PROBLEM TO WORK ON – Your answer must be an exact copy of the lines below, from the first through the one with "嘀嗒果椰子饭原味/文昌鸡肉味538g🥥甄选鲜椰 满口软糯鲜香~海南特色伴手礼!", with no pictures.
Top of RECORD SET
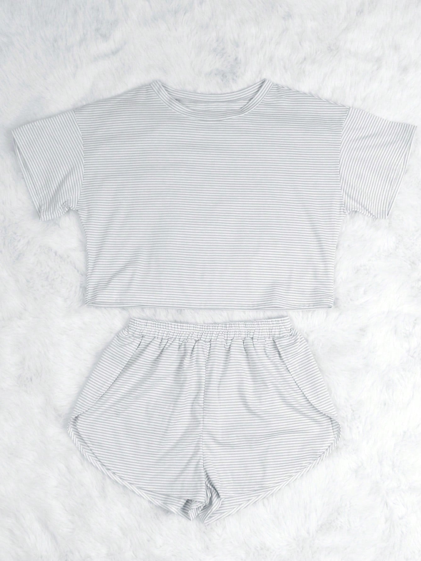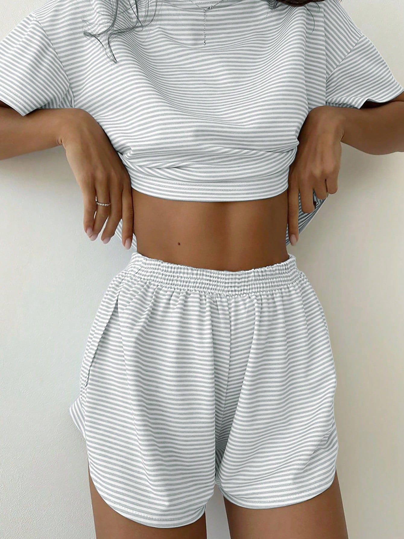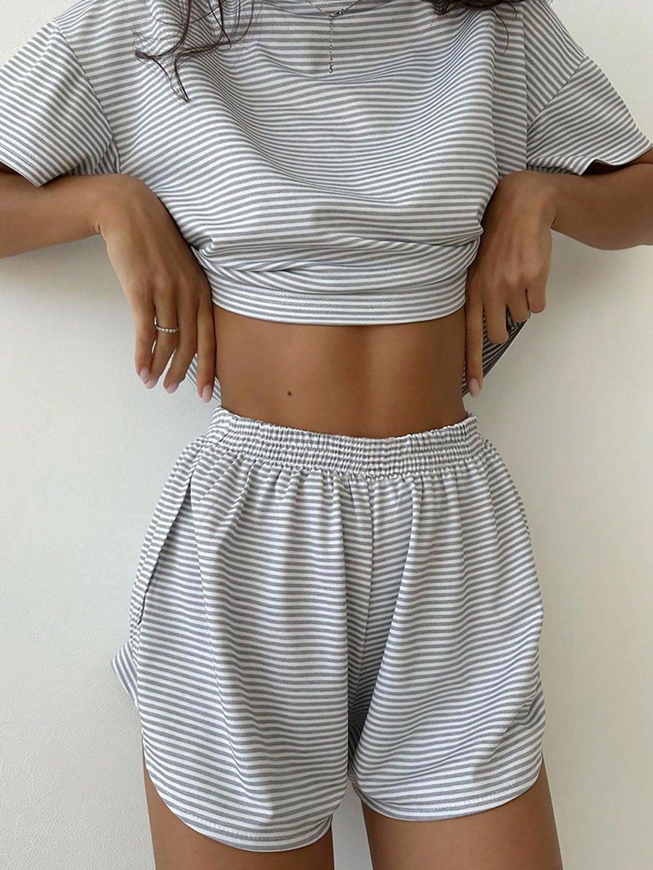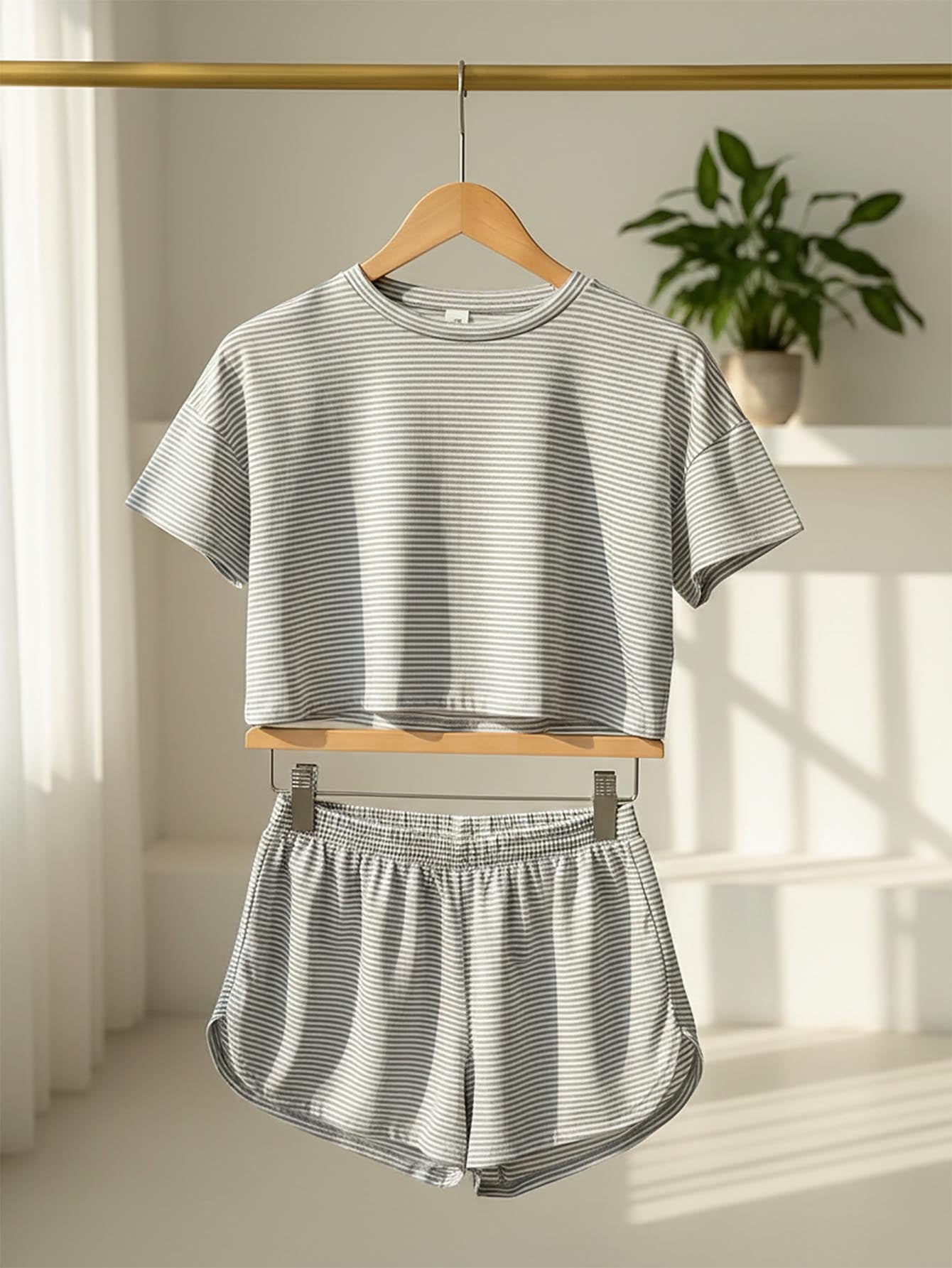 طقم من قطعتين، بلوزة محبوكة فضفاضة بتصميم مخطط وحافة جانبية مشقوقة.
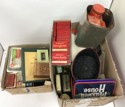A box containing assorted sundry games and toys to include card games, solitaire, "Rafie's Rollicking Trip to Berlin" etc together with a box of assorted vintage tins etc (2 boxes) plus a metal shoe last etc
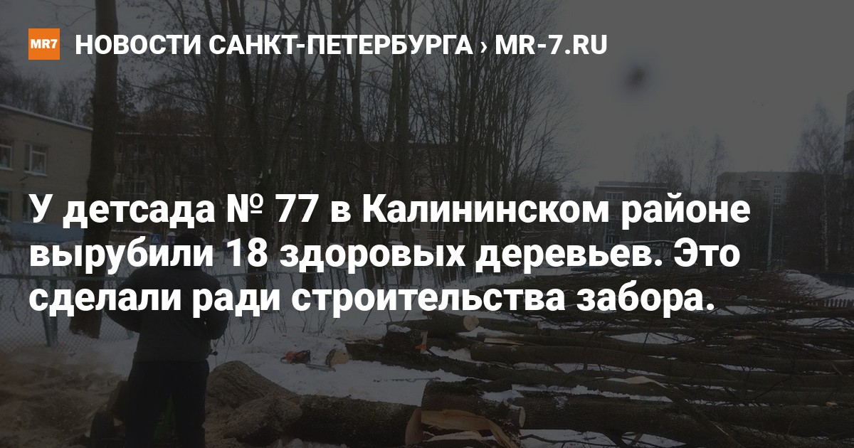 У детского сада № 77 в Калининском районе Петербурге спилили 18 здоровых деревьев. Как поделилась с нами местная жительница, заказчиком работ выступило само учреждение.
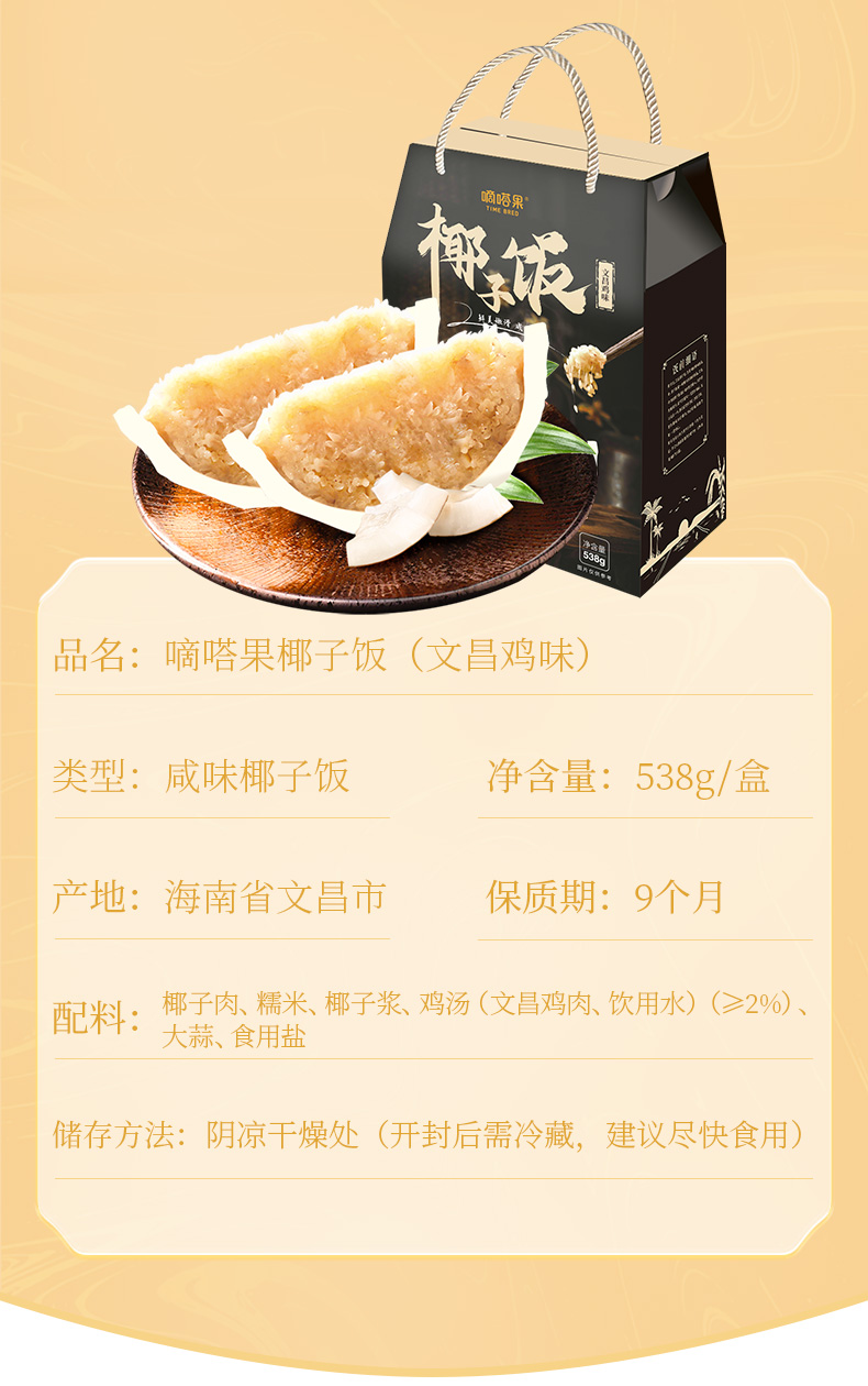 嘀嗒果椰子饭原味/文昌鸡肉味538g🥥甄选鲜椰 满口软糯鲜香~海南特色伴手礼!
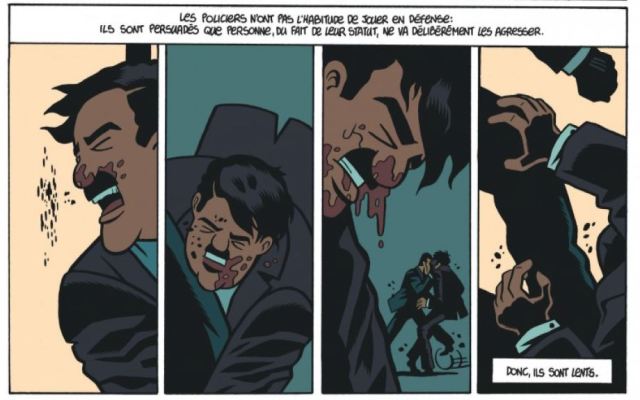 Cet album est un vrai régal aussi bien pour la qualité d’écriture, la précision du dessin et du cadrage et la perfection de la colorisation. Un trio exceptionnel qui sait faire voyager le lecteur. J’avais été conquise par les deux premiers tomes et ce nouvel épisode est encore meilleur. Le récit est fluide, complexe et palpitant dans une atmosphère d’un sombre polar noir. La mise en ambiance se fait directement dès les premières pages avec un assassinat. Le cadrage assez cinématographique avec des panoramiques immersifs, style vieux film en noir et blanc est époustouflant. Un plaisir à chaque page. Tout l’ouvrage se dévore. J’ai pris mon temps pour bien tout regarder et profiter pleinement de cette lecture. Elle a même conquis certaines personnages plutôt adeptes de la ligne claire. Une oeuvre réussie sous tout rapport.
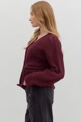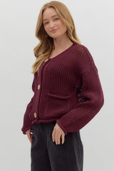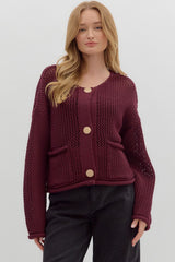 Solid open sweater knit long sleeve cardigan featuring gold accent oversized button. Front pockets. Unlined. Knit. Sheer. Lightweight.
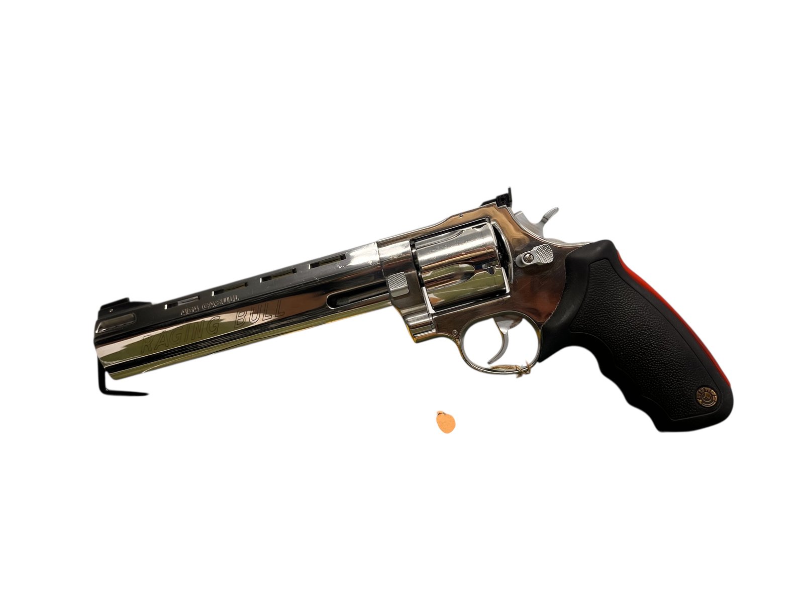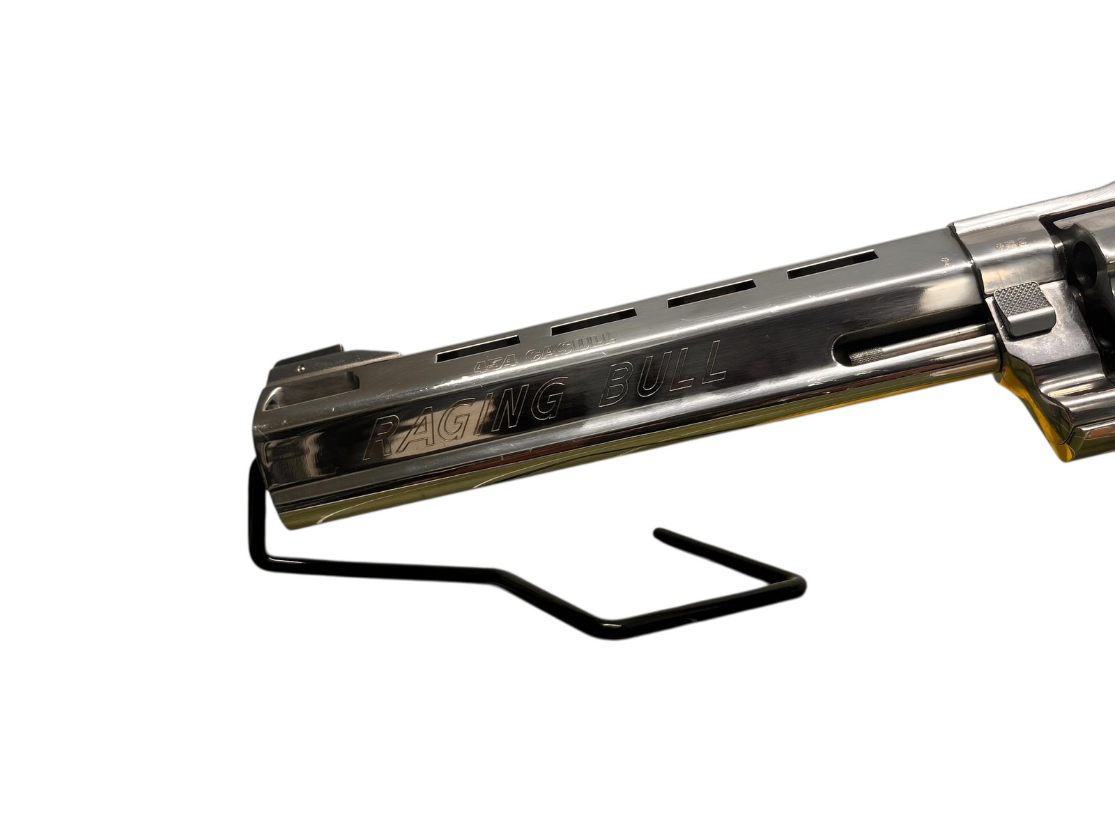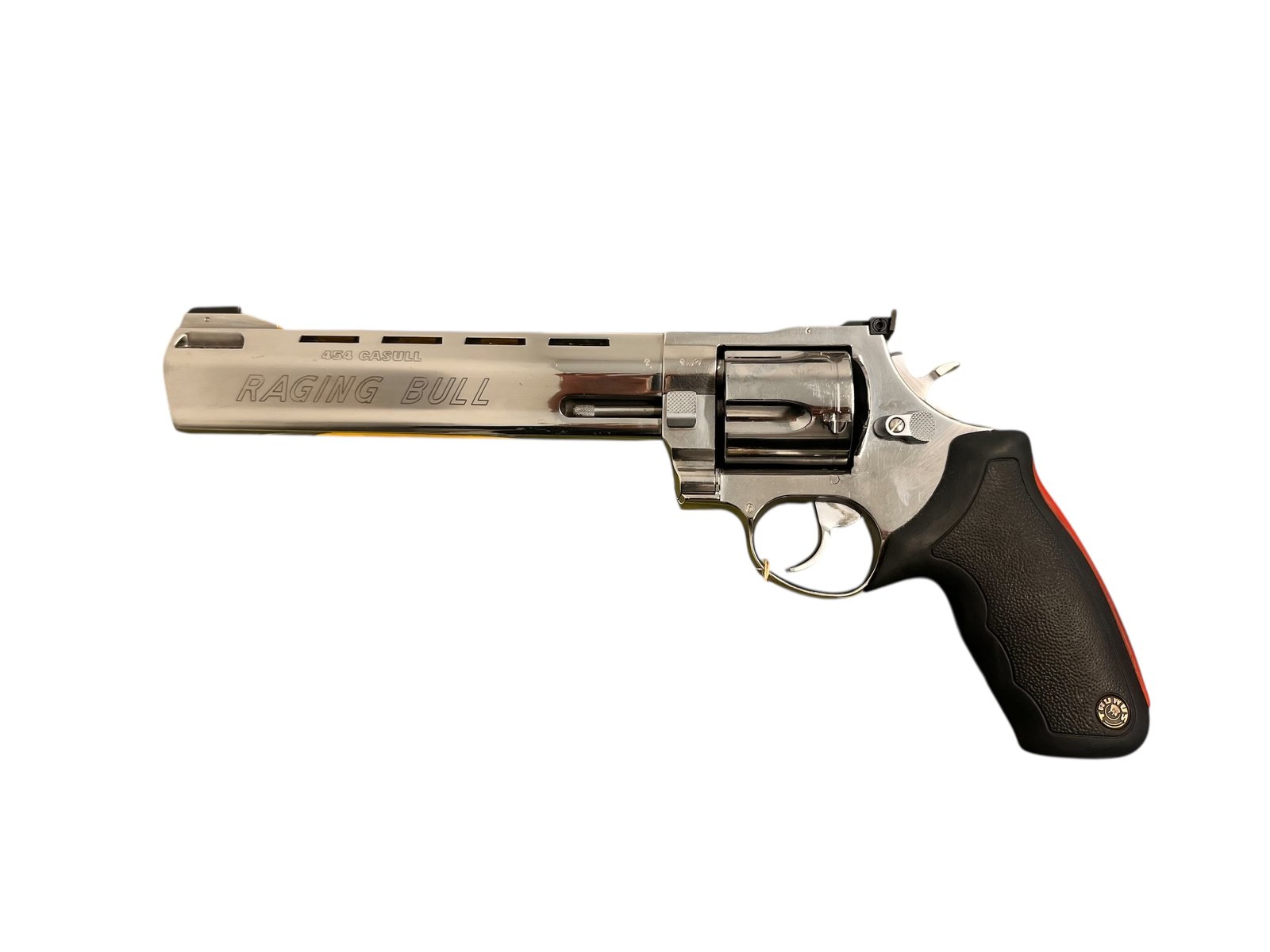 Taurus Raging Bull .454 Casull to masywny rewolwer o wydłużonej lufie, zaprojektowany z myślą o najwyższej mocy i precyzji. Produkowany w Brazylii od 1997 roku przez firmę Taurus, przeznaczony jest do strzelania wyjątkowo silną amunicją .454 Casull. Stanowi jeden z najmocniejszych rewolwerów dostępnych na rynku cywilnym – wyposażony w portowaną lufę (~6,5″), masywny cylinder z podwójnym ryglowaniem, amortyzowaną rękojeść i regulowane przyrządy celownicze. Prezentowany egzemplarz jest w stanie Bardzo dobrym, z dobrze zachowaną konstrukcją i sprawnym mechanizmem.
Bottom of RECORD SET
ANSWER AREA –
 طقم من قطعتين، بلوزة محبوكة فضفاضة بتصميم مخطط وحافة جانبية مشقوقة.
A box containing assorted sundry games and toys to include card games, solitaire, "Rafie's Rollicking Trip to Berlin" etc together with a box of assorted vintage tins etc (2 boxes) plus a metal shoe last etc
 У детского сада № 77 в Калининском районе Петербурге спилили 18 здоровых деревьев. Как поделилась с нами местная жительница, заказчиком работ выступило само учреждение.
 嘀嗒果椰子饭原味/文昌鸡肉味538g🥥甄选鲜椰 满口软糯鲜香~海南特色伴手礼!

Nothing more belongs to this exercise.